▶ _Your task_:
Leaving the pictures aside, restate all of the data exactly.

▶ _Given data_:
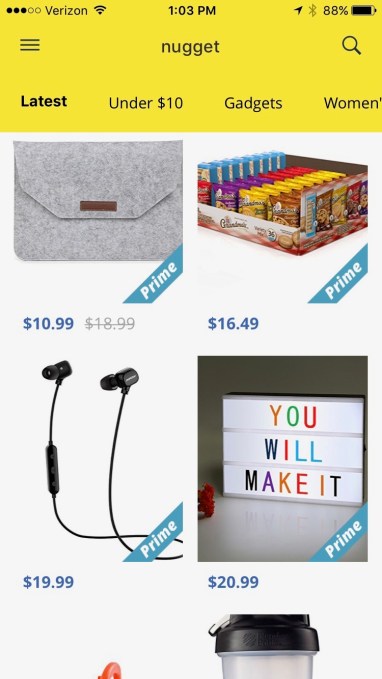 Nugget is also similar in other ways to Canopy, a shopping app that curates Amazon’s best products. However, Canopy’s suggestions aren’t necessarily low-cost items. Amazon is also now offering its own curated store through a site feature called Interesting Finds.
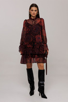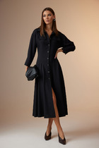Элегантное трикотажное платье прямого кроя с разрезом по низу переда. Платье имеет слегка спущенную линию плеча. Горловина с женственным вырезом и широким воротником.
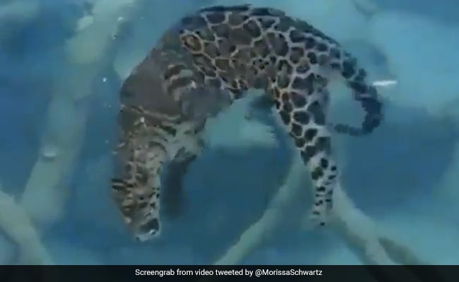 तैराकी करता दिखा तेंदुआ

▶ _Response below_:
 Nugget is also similar in other ways to Canopy, a shopping app that curates Amazon’s best products. However, Canopy’s suggestions aren’t necessarily low-cost items. Amazon is also now offering its own curated store through a site feature called Interesting Finds.
Элегантное трикотажное платье прямого кроя с разрезом по низу переда. Платье имеет слегка спущенную линию плеча. Горловина с женственным вырезом и широким воротником.
 तैराकी करता दिखा तेंदुआ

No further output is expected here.